L’istituzione del delitto di femminicidio è un passo in avanti epocale della nostra legislazione penale, perché significa finalmente mettere la donna vittima di omicidio in quanto donna al centro di questo delitto. Nella norma così come è stata scritta mancano però due cose, innanzitutto l'incremento delle risorse. Si continuano a produrre una serie di norme che richiedono molto più impegno alla magistratura e alle forze di polizia senza prevedere risorse aggiuntive adeguate. Le faccio un esempio, con la l. 69/2019 (il “codice rosso”) è stata introdotta una norma per cui la vittima di violenza deve essere sentita entro tre giorni: una norma sacrosanta. Attualmente noi la applichiamo in modo tale perché la vittima può essere sentita o dal pubblico ministero o dalla polizia giudiziaria su delega del Pm. Il governo vuole modificarla prevedendo che la vittima nei tre giorni debba essere sentita necessariamente dal magistrato del pubblico ministero. Il che sarebbe anche giusto e meraviglioso, se non che il numero dei magistrati del pubblico ministero non consente di sentire personalmente tutte queste vittime. Alla Procura di Tivoli sei pubblici ministeri si occupano di questa materia (oltre che dei cosiddetti reati comuni), ma per sentire personalmente tutte le vittime ne servirebbero altri due che dovremmo distogliere da altri compiti, il che è impossibile pena la paralisi di indagini su ulteriori gravi delitti. Quindi o si incrementano i Pm oppure questa norma va rivista perché non è materialmente possibile applicarla. Oppure, e ciò sarà peggio, sarà applicata burocraticamente perché i Pm pur di rispettare la norma sentiranno la vittima in modo veloce, senza poter approfondire perché non avranno il tempo; ci tengo a dire che non sarà una scelta, ma una conseguenza della legge e delle scarse risorse.

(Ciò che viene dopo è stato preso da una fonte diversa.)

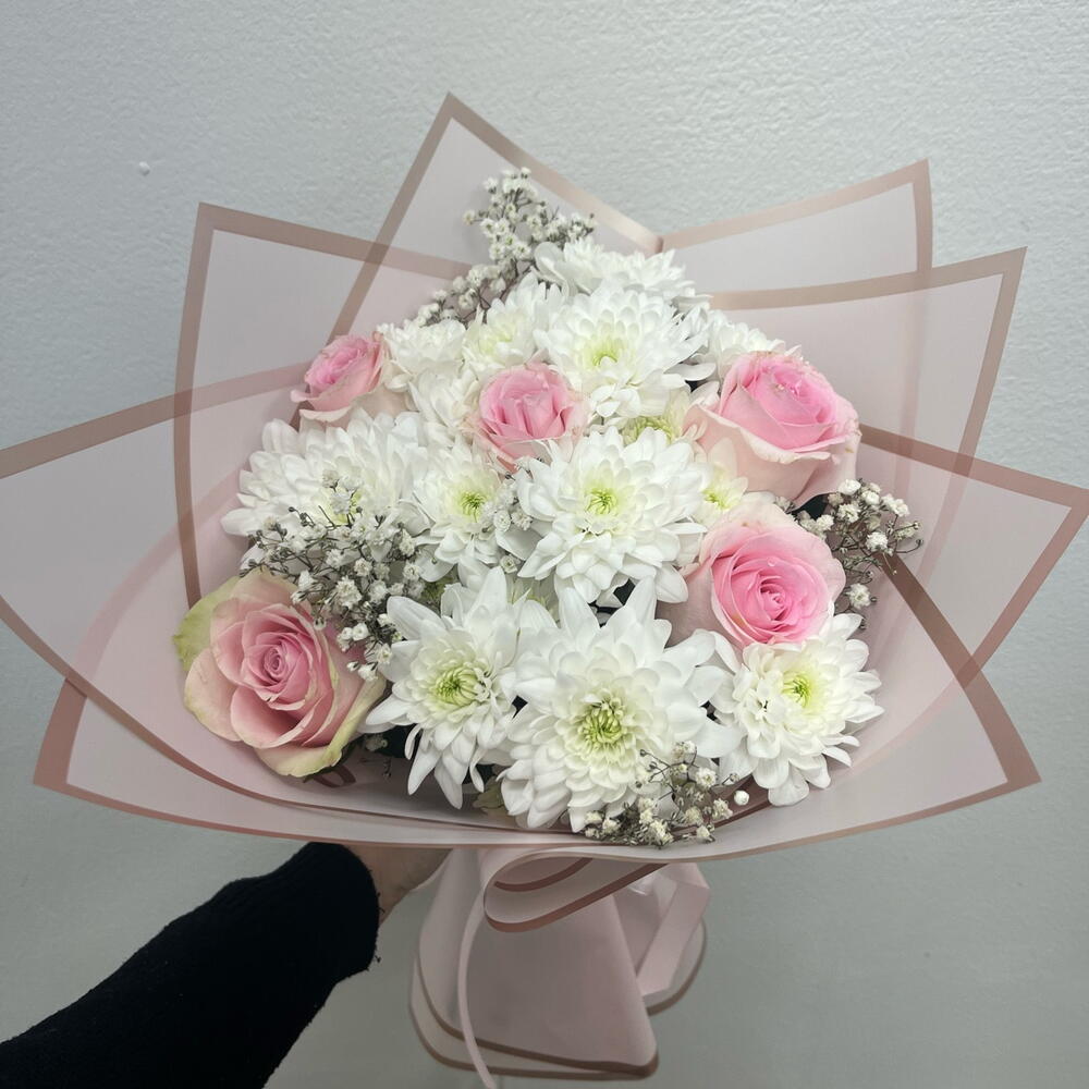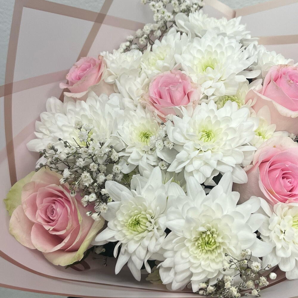 gipsofila - 3 adet krizantem - 3 adet roses pink - 5 adet
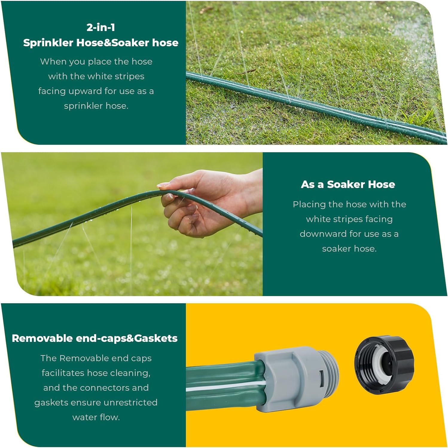 - CONVENIENT USAGE: The sprinkler hose's lightweight and easy-to-handle design makes it flexible for both deployment and storage. It comes with detachable end caps and metal garden stakes, where the removable end caps aid in connecting additional hoses and facilitate hose cleaning. Proper use of the metal garden stakes helps secure the hose layout and prevents kinking
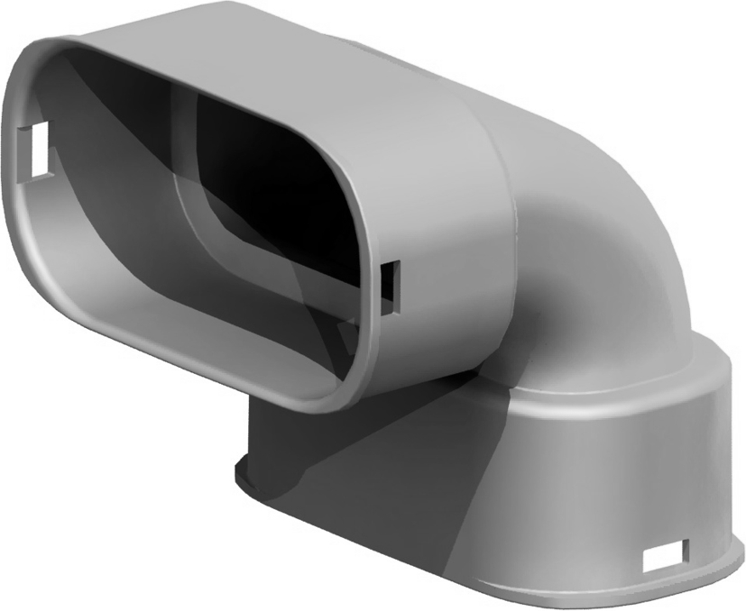 Угловой вертикальный адаптер 90° для соединения плоских воздуховодов 50 x 100 (арт. 2576163). Материал корпуса антистатический и антибактериальный полипропилен.
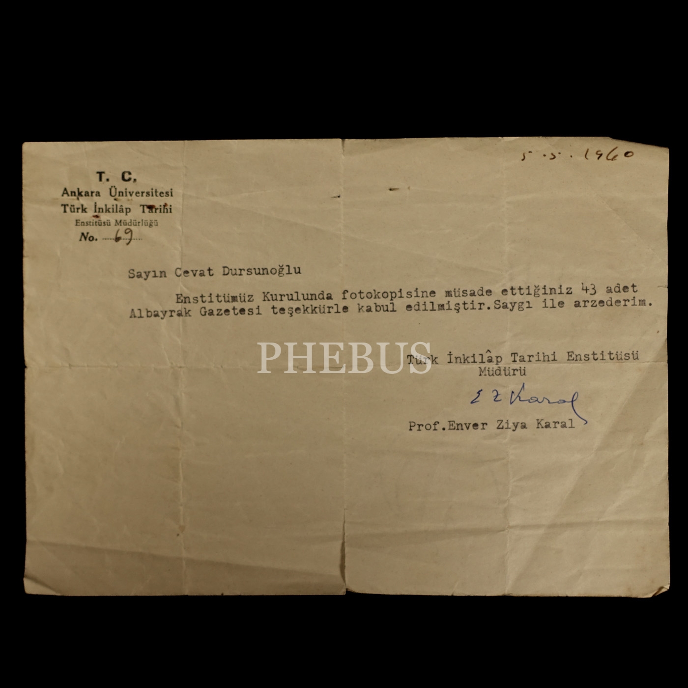 "T.C. Ankara Üniversitesi Türk İnkılap Tarihi Enstitüsü Müdürlüğü" antetli kağıt üzerine enstitü müdürü Enver Ziya Karal´ın, Cevat Dursunoğlu´na hitaben kaleme aldığı 1960 tarihli mektubu, 20x15 cm...

Torniamo alla questione delle intercettazioni: questa norma avrà il paradossale effetto di determinare meno sicurezza per cittadini e cittadine. Non contribuirà dunque indirettamente anche a far aumentare la delegittimazione dei pubblici ministeri?
Assolutamente sì. A me, però, non preoccupano tanto le accuse ai pubblici ministeri di non scoprire i colpevoli di reato. A me preoccupa che i responsabili non potranno essere individuati e quindi reati molto gravi rimarranno senza gli autori del reato; lo Stato, la collettività e le vittime di quegli specifici reati non troveranno giustizia. Sia chiaro, vi è la presunzione di innocenza ed è colpevole solo chi è condannato all’esito del processo (con tre gradi di giudizio), ma consentiteci di cercare di individuarli. Guardi che il danno alla collettività e alle vittime di determinati reati è veramente irreparabile. E questo lo dico in base alla mia esperienza, non in modo ideologico né astratto. La Procura che dirigo è un osservatorio importante, con 600 mila abitanti e reati gravissimi; in base all’esperienza posso dire che con il limite di 45 giorni i responsabili di una serie di reati, tra questi anche omicidi, non li avremmo scoperti. Capisce? È una grave ferita alla collettività.
Queste preoccupazioni le avete sollevate durante le audizioni parlamentari perché non siete stati ascoltati?
Questo non lo deve chiedere a me, lo deve chiedere a chi non ci ha ascoltati.